In the example above, EmbeddingEncoder is used to encode the categorical features and LinearEncoder is used to encode the numerical features. The embeddings are then passed into layers of TabTransformerConv. Then the outputs are concatenated and fed into a torch.nn.Linear decoder.

Let’s create train-test split and create data loaders.

from torch_frame.datasets import Yandex
from torch_frame.data import DataLoader

dataset = Yandex(root='/tmp/adult', name='adult')
dataset.materialize()
dataset.shuffle()
train_dataset, test_dataset = dataset[:0.8], dataset[0.80:]
train_loader = DataLoader(train_dataset.tensor_frame, batch_size=128,
                        shuffle=True)
test_loader = DataLoader(test_dataset.tensor_frame, batch_size=128)

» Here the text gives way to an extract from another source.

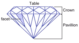 ![]() ![]() Diamond is the hardest known natural material. Its hardness makes it useful in industry, and its high dispersion of light when cut makes it appear very beautiful to the eye. The name 'diamond' comes from the ancient Greek word adamas, meaning 'invincible'. Diamonds have been valued for their beauty for thousands of years, and have been used for cutting and engraving for just as long. A diamond is a transparent crystal of bonded carbon atoms bound in a tetrahedron. When first removed from the ground, most diamonds are roughly rounded crystals; some are colourless, while others are pale shades of yellow; red, orange, green, blue, brown, and even black. These raw uncut stones lack the brilliance of gems which have been cut to increase their internal reflection properties. ![]() Diamonds are formed deep in the earth, at depths of at least 150 kilometres, where the high temperature and pressure compresses carbon molecules into a compact diamond crystal lattice. Diamonds are sometimes found inside long-dormant and solidified volcanic lava pipes, in an igneous mineral called kimberlite. Carbon found in diamonds has been shown to come from both inorganic and organic sources. Some diamonds were formed from inorganic carbon deep in the Earth's mantle; others were created when organic matter near the surface was pushed down deep into the Earth as its surface plates pushed into each other. Learn more about plate tectonics on our volcanos page. However they were formed, diamonds that eventually reach Earth's surface are usually very old, ranging in age from under 1 billion to over 3 billion years. Once diamonds have been brought to the Earth's surface by magma in a volcanic pipe, they can erode out of the rock and be distributed over a large area. Small diamonds can also form in other naturally occurring high-pressure, high-temperature situations. For example, the impact craters where meteors strike the Earth show evidence of diamond formation. In fact, these 'microdiamonds' are used as to identify ancient meteorite impact sites. ![]() Carbon atoms in graphite , on the other hand, connect differently, forming sheets of atoms one on top of the other; graphite is soft, dark in colour, and slippery when in powder form. Comparing the structure of these two substances, both composed of carbon atoms, we see that the difference in their properties is due simply to the way the atoms are bonded together. Some diamonds are actually harder than others. The hardest type, quite small octahedral diamonds, are found in New South Wales in Australia, and are used to polish other diamonds. It is thought that they are the hardest type because their crystal form was grown in one stage; other diamonds were formed in many stages, with additional growth of crystal adding to their size but also adding flaws and defects, thus affecting their hardness. The hardness of all diamonds compared to other natural materials makes them very useful in industry, especially for use in cutting and grinding tools. Diamond can be used to cut, polish or wear away any material, including other diamonds. They are used in drill bits, saw blades, abrasive papers and engraving tools. Other Properties of Diamond ![]() Toughness is a material's ability to resist breaking when hit forcefully. While diamond is more fragile in some orientations (it can be split), its overall toughness is exceptionally high. Colour Diamonds can be nearly any colour, although yellow and brown are the most common. Coloured diamonds contain impurities (various atoms replacing some of the carbon atoms in the crystal), or irregularities in their structure. Pure diamonds are transparent and colourless. Combustibility Like other forms of carbon (coal, for example), diamonds will burn, at a temperature of 800° Celsius, providing that enough oxygen is available. Optical properties Diamond acts like a prism, breaking light that enters the crystal into different wavelengths to form a rainbow of colours. This effect, multiplied by the many faces of a cut stone, gives a finished diamond a sparkling appearance called fire. In addition, diamond's high index of refraction can easily cause total internal reflection of the light, increasing its brilliance. Thermal properties While diamond is an electric insulator (it doesn't easily pass electricity), it is a good conductor of heat; in fact, it's one of the best. This makes it useful in the manufacture of electronic semiconductors. Diamonds as Gems Diamonds that have been prepared for use in jewelry are rated according to clarity, the number of carats, the colour, and their cut. Clarity is a measure of how clear the diamond is. Clarity is affected by inclusions, which can be foreign materials in the crystal, or structural imperfections like tiny cracks, which can cause the diamond to appear cloudy. Only about 20% of all diamonds mined have a high enough clarity to be used as gems. Carat weight is a measure of the mass of a diamond. One carat is one fifth of a gram, or exactly 200 milligrams. Diamonds of less than one carat are measured in points, where one point is equivalent to a hundredth of a carat, or 2 mg. Colour measures how close to perfectly transparent a diamond is. But few gem-quality diamonds are perfectly colourless; most white diamonds appear transparent, but have some nitrogen atoms replacing carbon atoms; this impurity can cause a slight yellow tint. The hue and intensity of the colour will help determine the diamond's value. For example, white diamonds with a yellowish tint are usually less valuable, while those with a pink or blue colour can be extremely valuable. If a diamond has a very strong colour, it's rare, and its value is usually higher. ![]() Cut describes how the diamond has been shaped and polished into a gem. There are well-described mathematical guidelines for the angles and face lengths to be cut in order that the final gem reflect the maximum amount of light. For example, the modern round 'bri
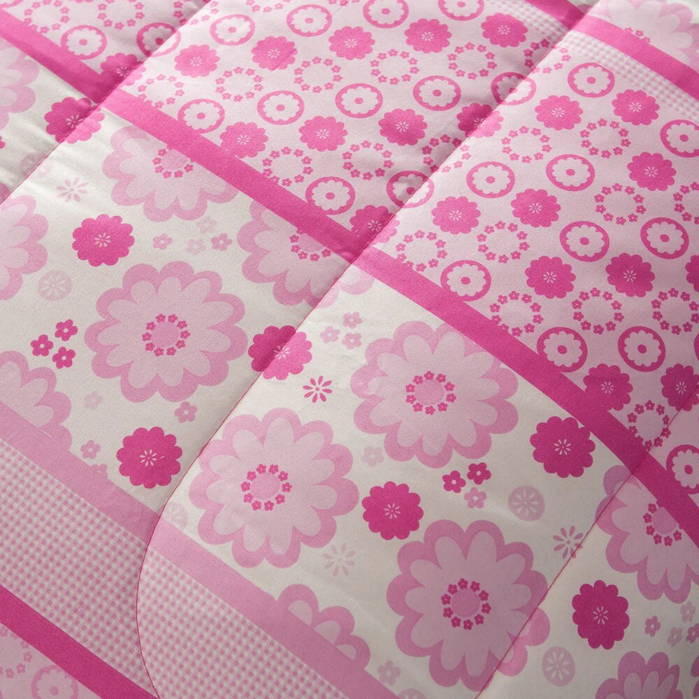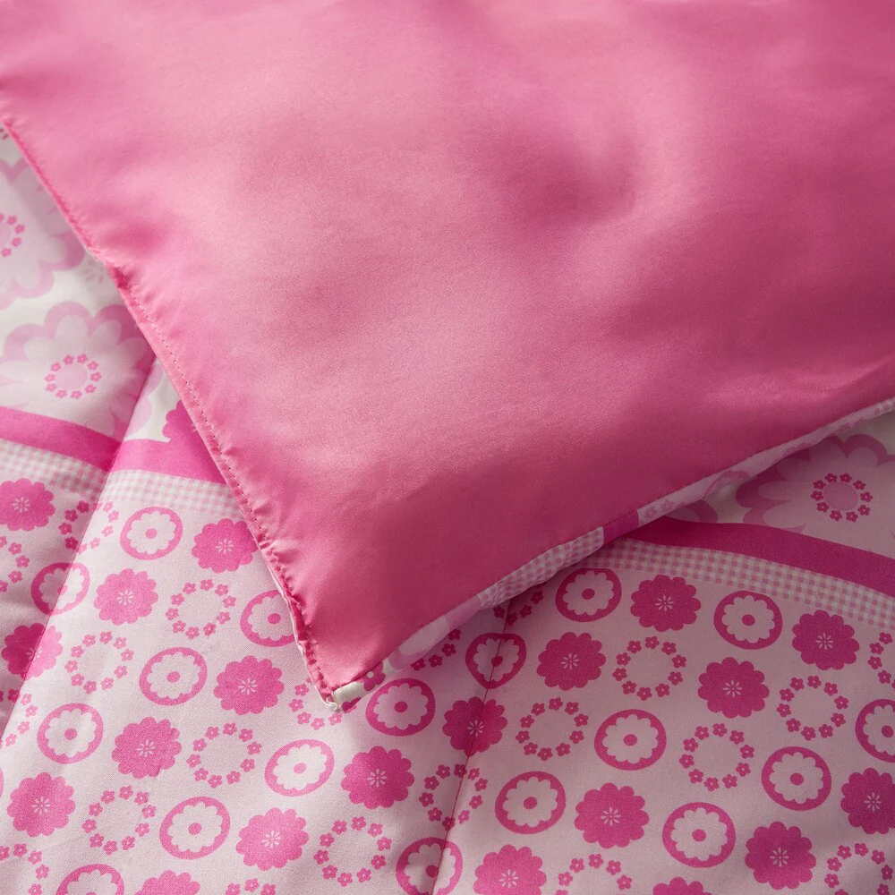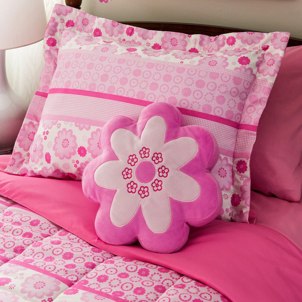 Turn your child’s bedroom into a garden with this delightful comforter set and shaped fleece decorative pillow of pink flowers. This machine washable bedding set is made of brushed polyester, which is comfortable as well as easy care and wrinkle-resistant.

Let’s train this model for 50 epochs:

import torch
import torch.nn.functional as F

device = torch.device('cuda' if torch.cuda.is_available() else 'cpu')
model = ExampleTransformer(
    channels=32,
    out_channels=dataset.num_classes,
    num_layers=2,
    num_heads=8,
    col_stats=train_dataset.col_stats,
    col_names_dict=train_dataset.tensor_frame.col_names_dict,
).to(device)

optimizer = torch.optim.Adam(model.parameters())

for epoch in range(50):
    for tf in train_loader:
        tf = tf.to(device)
        pred = model(tf)
        loss = F.cross_entropy(pred, tf.y)
        optimizer.zero_grad()
        loss.backward()
        optimizer.step()

Finally, we can evaluate our model on the test split:

model.eval()
correct = 0
for tf in test_loader:
    tf = tf.to(device)
    pred = model(tf)
    pred_class = pred.argmax(dim=-1)
    correct += (tf.y == pred_class).sum()
acc = int(correct) / len(test_dataset)
print(f'Accuracy: {acc:.4f}')
>>> Accuracy: 0.8447

This is all it takes to implement your first deep tabular network. Happy hacking!